Nevertheless, noted the organization in a statement, “The momentum on pharmacy issues in Washington has shifted. Congress found several ways to undermine independent pharmacies in previous years—such as with provisions in Medicare Part D and new AMP rules—but began to listen to hometown pharmacy concerns [in 2007].”

ACP’s legislative agenda for 2008 includes a determined lobbying campaign on behalf of legislation to level the playing field between independents and big chain pharmacies through passage of House bill 971. The bill, which failed to pass last year, would eliminate the antitrust barriers that prevent small and independent pharmacies from negotiating collectively with pharmacy benefit managers.
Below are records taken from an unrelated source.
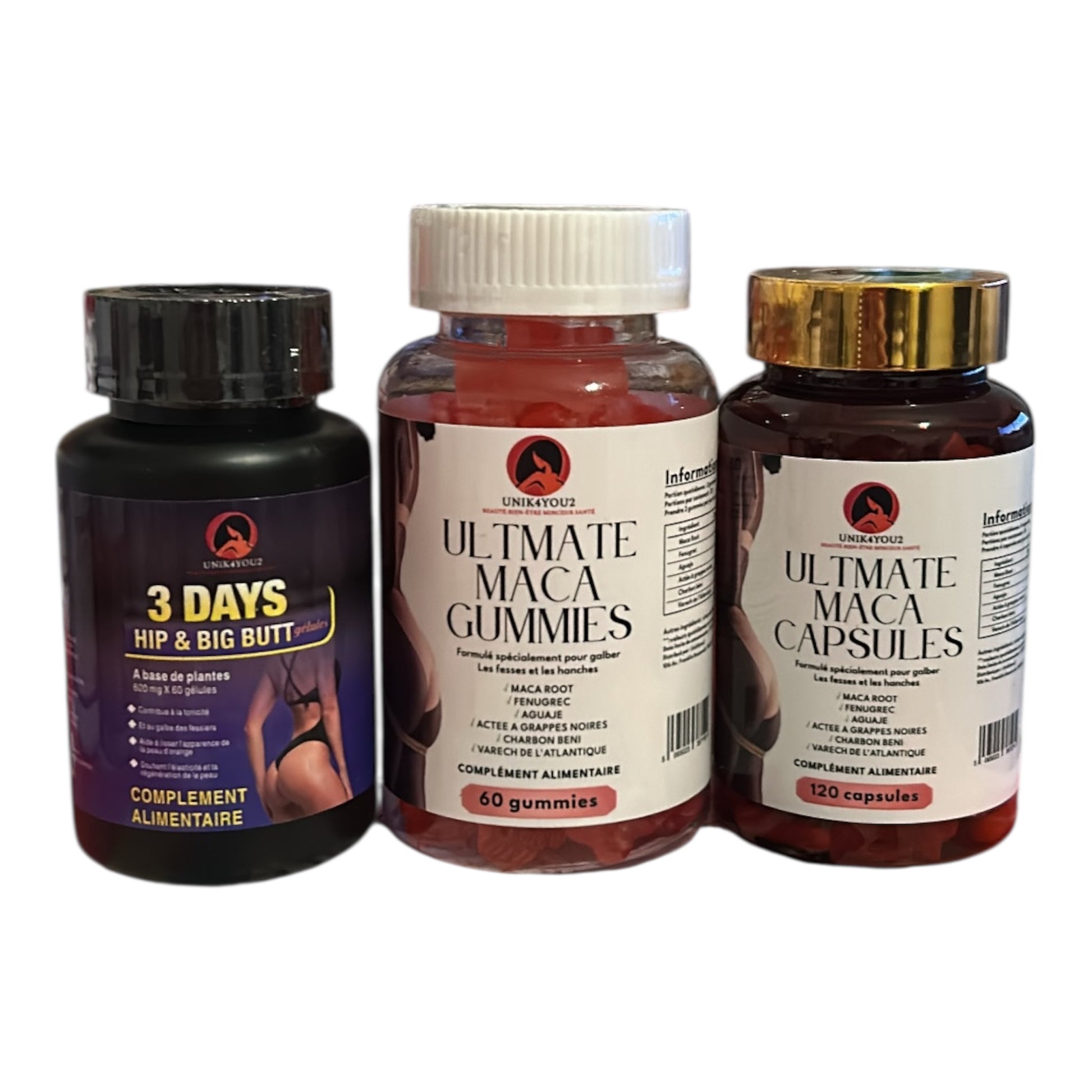KIT ULTIMATE MACA- capsules et gummies hautement dose - exclusivité Unik4you - routine courbes & booty
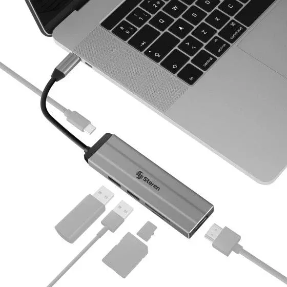 Steren USB-4740. Interfaz de host: USB 2.0 Type-C. Color del producto: Plata, Tarjetas de memoria compatibles: MicroSD (TransFlash), SD, Interfaces de concentradores: HDMI, USB 2.0, USB 3.2 Gen 1 (3.1 Gen 1) Type-A, USB 3.2 Gen 1 (3.1 Gen 1) Type-C. Cantidad por paquete: 1 pieza(s)
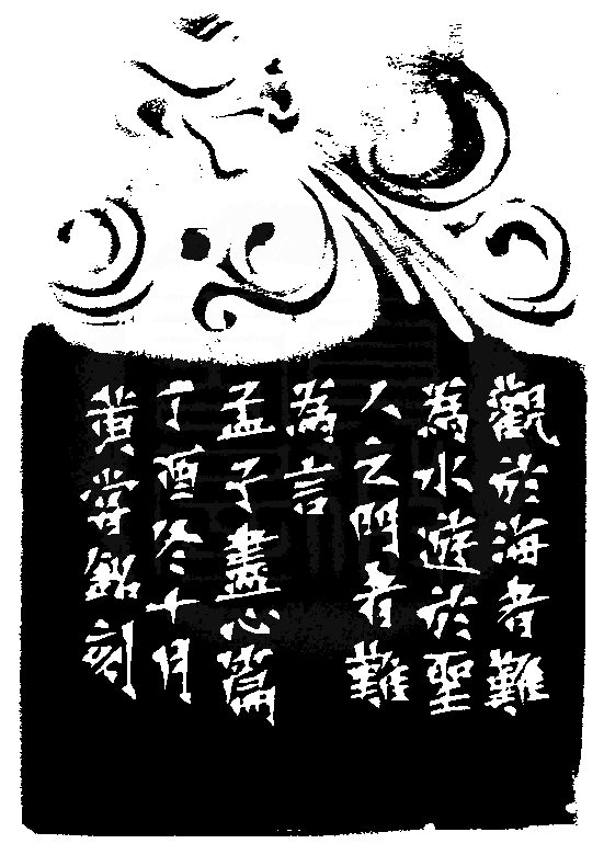 黃嘗銘.六十四歲/刻〔觀海者難為水〕長方朱文印。邊款為【觀於海者難為水,遊於聖人之門者難為言。《孟子.盡心篇》。丁酉冬十月,黃嘗銘刻。】老撾石。獸鈕。
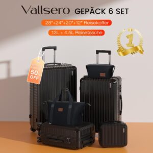 VALLSERO Reisekoffer Stylishes & Praktisches 6-teiliges Gepäckset (28”/24”/20”koffer,12” kosmetikkoffer,Reisetasche,Waschbeutel)- Perfekt für Reisen
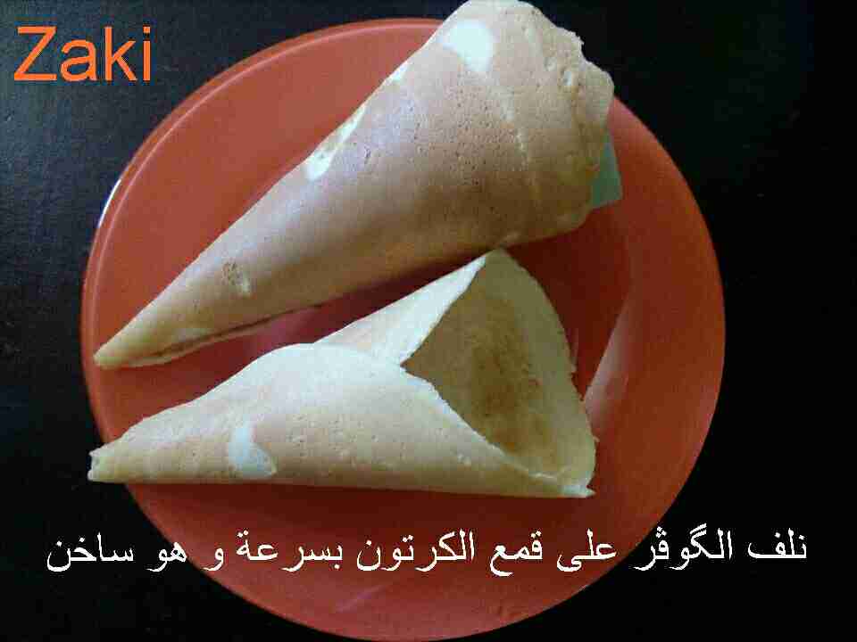 مباشرة عند إزالتها و بسرعة جدا نشكلها على القمع لي صنعناه من الكرتون مسبقا.
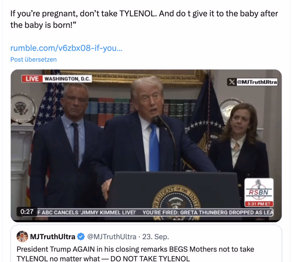 »Trump warnte Schwangere davor«, Paracetamol, in den USA Acetaminophen genannt, den Wirkstoff im Präparat Tylenol®, zu nehmen. Selbst wenn Schwangere sich schlecht fühlten und es eine harte Zeit mit Kopf- und Gliederschmerzen werde, sollten sie durchhalten, ohne das Mittel zu nehmen:
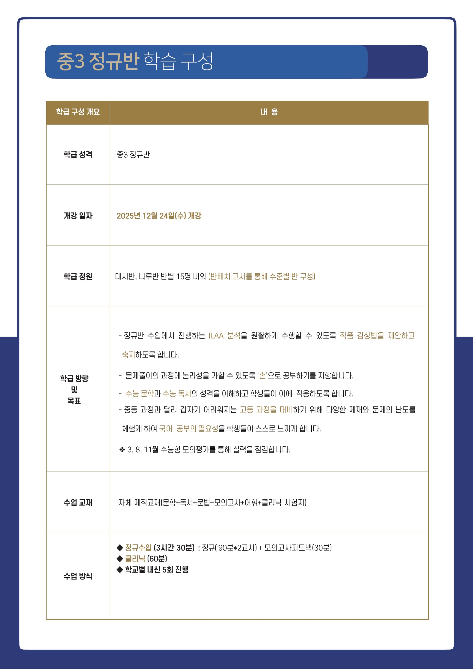 중등 3 커리큘럼

Not surprisingly, the pharmacy benefit management industry’s chief lobbying group has drawn a different conclusion altogether from the OIG report. Hewing to its theme that independent pharmacy operators are overpaid for their services, the Pharmaceutical Care Management Association is citing the report as proof that those claims are justified.

“This report will raise eyebrows among policy makers who have been led to believe that independent pharmacists were in dire straits because of the Medicare drug benefit,” said PCMA president and chief executive officer Mark Merritt. “It runs counter to rhetoric from the independent drug store lobby on the need for costly legislation granting pharmacies special antitrust exemptions and payment cycles that are twice as fast as those received by doctors and hospitals.”

That kind of attack is sure to inflame an already adversarial relationship between the PBM industry and the community pharmacies on which PBMs build their pharmacy service provider networks—networks they then market to health plan payers. Ignoring the costs retail pharmacies must incur to stay in business and dispense medications, PCMA also noted, “Independent pharmacies are paid an average of 18 percent more by Part D plans than their acquisition costs for medicine.” Further, the group argued, “Two-thirds of community pharmacies belong to group purchasing organizations that allow them to collectively bargain—and achieve—higher Part D reimbursement rates.”